Brian "Speed" Miller
By Corinne Platt Rikkers
When talking with veteran helicopter ski guide Brian “Speed” Miller, one often hears the expression, “I’d rather be lucky than good.” Coming from a man who has guided skiers safely in one of the most dangerous snowpacks in the world for 24 years, that’s saying a lot.
Speed started skiing when he was a little kid in his backyard in Minneapolis, using skis that strapped onto his shoes. When he got older, he and a friend went to Alta, Utah, every winter to ski, even though Speed professes to being a terrible skier back then.
He was drawn to Telluride in the 1970s by Peter Waldor, who told Speed, “I found this place that you can’t believe. There is an awesome ski mountain with no one here. You’ve got to come see it.” Speed and his wife, Jane, visited every year until 1976, when they made the move permanent. They rented a trailer near the cemetery for $75 a month and settled in, working at bars and restaurants.
What happened next is Telluride’s version of the American Dream. Speed met three young men who also had lots of time to ski and no solid plans for the future: Mike Friedman, known as “Friegle”; Mark Frankman, a.k.a. “Frankie”; and Dave Bush. Bush and Speed—nicknamed for his slothfulness as a house painter—had what he calls “the coolest ski bum job there is”: cleaning the ski area’s Day Lodge (now Big Billies) at night. “It took about two hours to clean, but we usually sat down there for another hour eating, drinking and watching T.V., and I got a free ski pass.”

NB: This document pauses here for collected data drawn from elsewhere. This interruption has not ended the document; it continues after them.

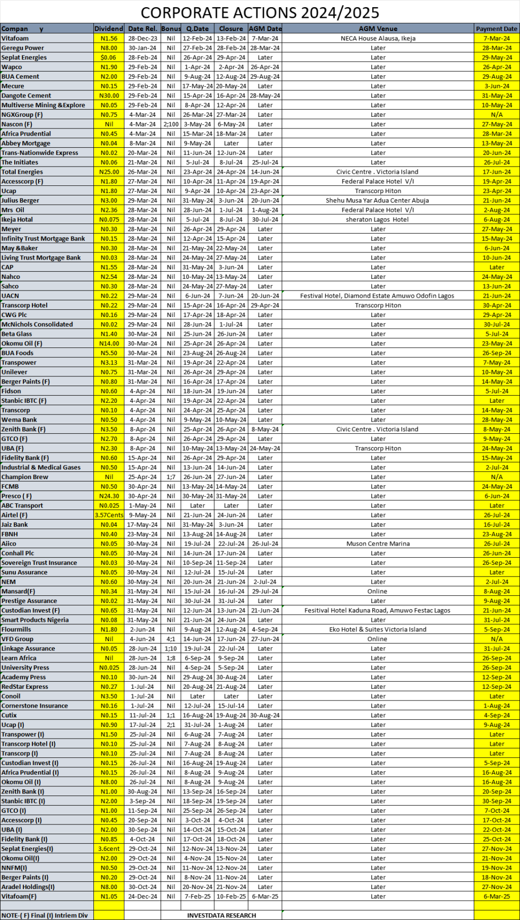 Equities Corporate Actions On NGX As Of Friday, January 10, 2025 Editor January 11, 2025 1 min read 205 Post Views: 124 Continue Reading Previous: Corporate Actions On NGX As Of Friday, January 3, 2025Next: Company Performances Support Dividend, Sentiments Drive Volatility Trending Now NGX Ends Christmas Eve Higher As Banking, Consumer Stocks Advance 1 NGX Ends Christmas Eve Higher As Banking, Consumer Stocks Advance December 24, 2025 NGX Sustains Bullish Momentum As Buying Pressure Keeps Market On The Upside 2 NGX Sustains Bullish Momentum As Buying Pressure Keeps Market On The Upside December 23, 2025 NGX Extends Rally As Sector Rotation Persists 3 NGX Extends Rally As Sector Rotation Persists December 23, 2025 Oil Prices Edge Higher On Venezuela, Ukraine Tensions 4 Oil Prices Edge Higher On Venezuela, Ukraine Tensions December 23, 2025 SEC Nigeria Gives Capital Market Operators January 31 Deadline To Renew Registration 5 SEC Nigeria Gives Capital Market Operators January 31 Deadline To Renew Registration December 21, 2025 Investdata To Offer Tactical Trading Strategy For Higher Returns On NGX At 2026Q1 Master Class 6 Investdata To Offer Tactical Trading Strategy For Higher Returns On NGX At 2026Q1 Master Class December 20, 2025 Related Stories NGX Ends Christmas Eve Higher As Banking, Consumer Stocks Advance 5 min read Equities NGX Ends Christmas Eve Higher As Banking, Consumer Stocks Advance December 24, 2025 64 NGX Sustains Bullish Momentum As Buying Pressure Keeps Market On The Upside 5 min read Equities NGX Sustains Bullish Momentum As Buying Pressure Keeps Market On The Upside December 23, 2025 92 NGX Extends Rally As Sector Rotation Persists 5 min read Equities NGX Extends Rally As Sector Rotation Persists December 23, 2025 101 Corporate Actions On NGX As Of Friday, December 19, 2025 1 min read Equities Corporate Actions On NGX As Of Friday, December 19, 2025 December 20, 2025 115 NGX Stretches Winning Streak To Seven Sessions As Broad Buying Keeps Bulls In Control 3 min read Equities NGX Stretches Winning Streak To Seven Sessions As Broad Buying Keeps Bulls In Control December 19, 2025 203 NGX Maintains Uptrend As Investors Accumulate Blue Chips Despite Slower Trading Activity 3 min read Equities NGX Maintains Uptrend As Investors Accumulate Blue Chips Despite Slower Trading Activity December 18, 2025 187
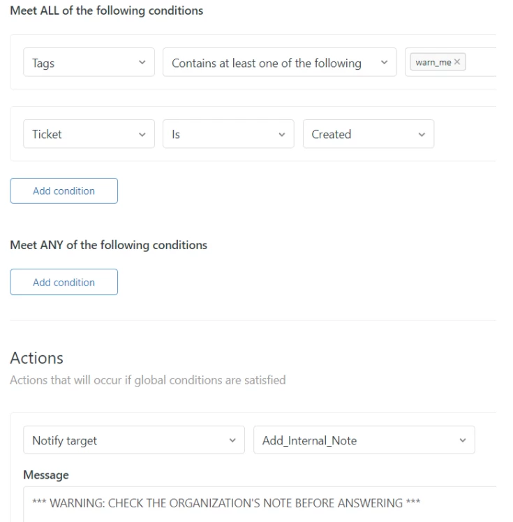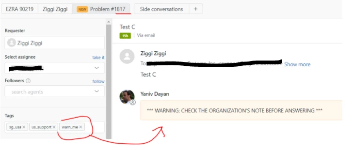 For situations where clients did not pay maintenance or having a temporary situation that requires the agents' attention, we would like to add a popup warning message on the organization/client level. For every ticket that is opened from this organization, the agent will get this popup warning message before answering the ticket.
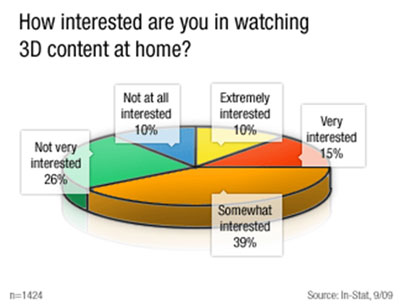 После внедрения 3D в кинотеатры от разработчиков естественно ожидать попыток распространения объемного изображения и на ТВ. А как к такому новшеству относятся телезрители? Согласно опросу, недавно проведенному компанией In-Stat (www.in-stat.com), в общем потребители заинтересованы в получении дома 3D-ТВ, причем среди тех, кто хотя бы два-три раза смотрел объемные фильмы в кинотеатрах, обнаружилось больше заинтересованных в 3D-ТВ.
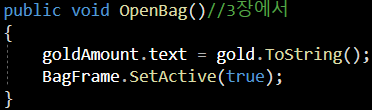 Manager.instance.managerInven.OpenBag() 코드의 OpenBag 함수를 보겠습니다.
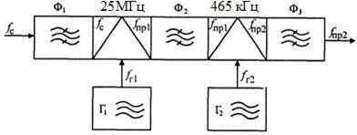 Проектируемый приемник будет построен по супергетеродинной схеме с двойным преобразованием частоты (инфрандинный тип приемника). Схемы инфрандинного приемника применяются для более эффективной борьбы с зеркальным каналом приема. В инфрадинном приемнике первая промежуточная частота выбирается выше самой верхней частоты диапазона принимаемых сигналов. При этом зеркальный канал отодвигается настолько далеко от основного, что легко подавляется самыми простыми фильтрами [6]. В схеме супергетеродина с двойным преобразованием частоты перестраиваемым выполняется только первый гетеродин. В качестве такого гетеродина обычно применяется синтезатор дискретной сетки частот. Второй гетеродин может быть выполнен на фиксированную частоту. Это позволяет фильтр промежуточной частоты рассчитать на фиксированное значение, тем самым упростив его реализацию [7]. Преимущество инфрадина состоит в упрощении преселектора. В приемнике с переменной настройкой в широком диапазоне частот этот фильтр нежелателен, так как он требует плавной настройки в поддиапазоне и переключения катушек для смены поддиапазонов. В инфрадинном приемнике канал прямого прохождения и зеркальный канал приема лежат выше верхней частоты принимаемого сигнала, что позволяет использовать в качестве фильтра не перестраиваемый ППФ Салена - Кея с единичным усилением. Предварительная структурная схема инфрандинного приемника приведена на рис.1.1
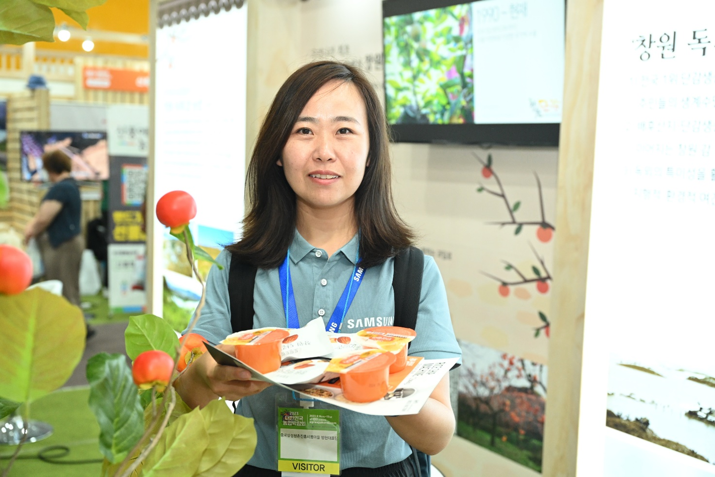 “村带头人访韩”活动期间,杨维娜参观农博会柿子深加工产品
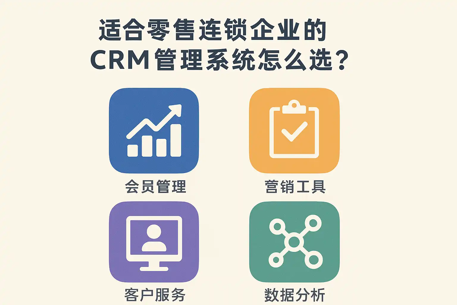 - 连锁零售以门店流程+会员营销为重点,优先考虑简道云crm系统等可快速定制的方案。
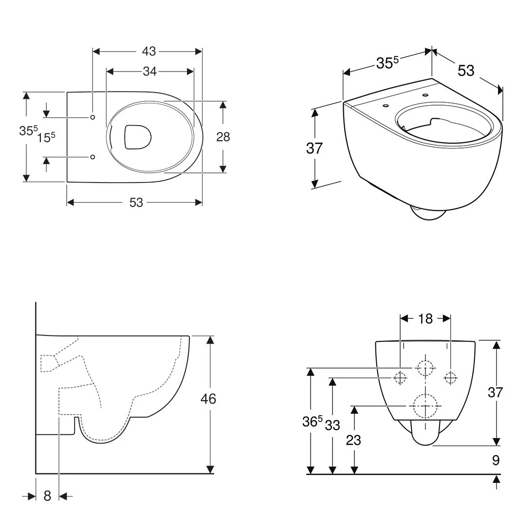 Geberit Renova Comfort Wand-WC Tiefspüler, erhöht, geschlossene Form, Rimfree
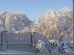 Przyglądałam się okrytym białą, puchową pierzynką roślinom. Jedne dumnie prezentowały swoją śnieżną czapeczkę,
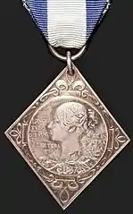 The Diamond Jubilee Medal was instituted in 1897 by Royal Warrant as a British decoration. The medal was awarded to members of the Royal Family and the court, guests and dignitaries present at the celebrations of Queen Victoria's diamond jubilee and to selected soldiers and sailors who formed the jubilee parade in London.[1][2]

Soon he and Bush were cleaning Gorrono Restaurant, too. After sprucing up Gorrono, they would ski in the dark to clean the Day Lodge. Frankman was a cook there, and the three of them became friends and started skiing off piste together. “I used to get my pass pulled for skiing out of bounds on the ski area. This was back in the old days when you’d get busted for skiing Mammoth. The only runs that were open on the front were the Plunge, Stairs and Coonskin. That’s when I took up backcountry skiing, because I couldn’t not go skiing for a week.” Friedman showed up to work at the Day Lodge as a bus boy and soon joined the threesome on their ski forays. “Back then it was Alfa boots, really skinny skis and three-pin bindings. We’d go back to Prospect Basin where nobody could see us and practice our skiing,” Friedman says. But he, as it turns out, knew a little more than the other three. “Friegle was this total snow geek,” says Speed. “He knew how to dig snow pits, and he started teaching us about route finding and avalanches.”
It wasn’t long before the foursome decided to form a backcountry ski-guiding outfit. “We spent a winter putting our business plan together. That spring, Friedman, Jane and I were touring in Utah, and the Wasatch Powder Birds flew over us and Friegle says, ‘One of these days, we’re going to have a helicopter in Telluride.’ Jane and I were, like, come on, we’re not going to have a helicopter.” Sure enough, the next year Friedman wrote an operating plan. They found a pilot in Montrose, raised money, and in 1983 took their first clients heli skiing.
Though the original foursome sold Telluride Helitrax in 1999, Speed remains the oldest and longest working guide. “I love it,” says the fit 55 year old. “I always have been a powder-skiing junkie, and this is a good way to get my fix.
The San Juan snowpack is famous for its instability. Helitrax has never had a client buried in an avalanche and has had only one serious problem with the helicopter. “I was in Denver when I heard the helicopter crashed, and all I could think was, I guess I shouldn’t leave those boys alone,” Speed says with a smile. Fortunately there were no fatalities in the crash.
“It’s not that I love it because it’s dangerous or because I think it is a glory job. It’s a good job for a person who understands what they’re up against. It’s not a good job for somebody who doesn’t see the danger that is out there. You have to be prepared for the worst at any given moment. Most of the time, I’m busy thinking about where we’re skiing next, what the weather’s doing and how my guests are.”
Avalanche forecaster Jerry Roberts has known Speed for more than 20 years and calls him the consummate backcountry skier and guide. “He keeps neurotic notebooks. Every time he goes out, he writes the snow conditions down. He lives with a healthy paranoia that doesn’t overwhelm him, but he picks up things that most people don’t see. He can tell so much about snow just by feeling it and being aware of what’s going on around him. He looks for reasons not to ski lines rather than reasons to ski lines.”
“The job isn’t exactly what I’d call safe,” Speed says. “Jane would love it if I quit. As soon as I get down, I call her to let her know that I’m back.” Jane, too, has a nickname: St. Jane. Apparently putting up with Speed is more difficult than any of us know.
Speed and Jane are making slow plans to retire to Cortez. But he doesn’t see himself ever leaving skiing—or Helitrax. “As long as I’m physically able to ski, I’ll be at Helitrax,” he says. “And if I still love it at 65, I’ll be sitting here with some other reporter, telling some more lies.”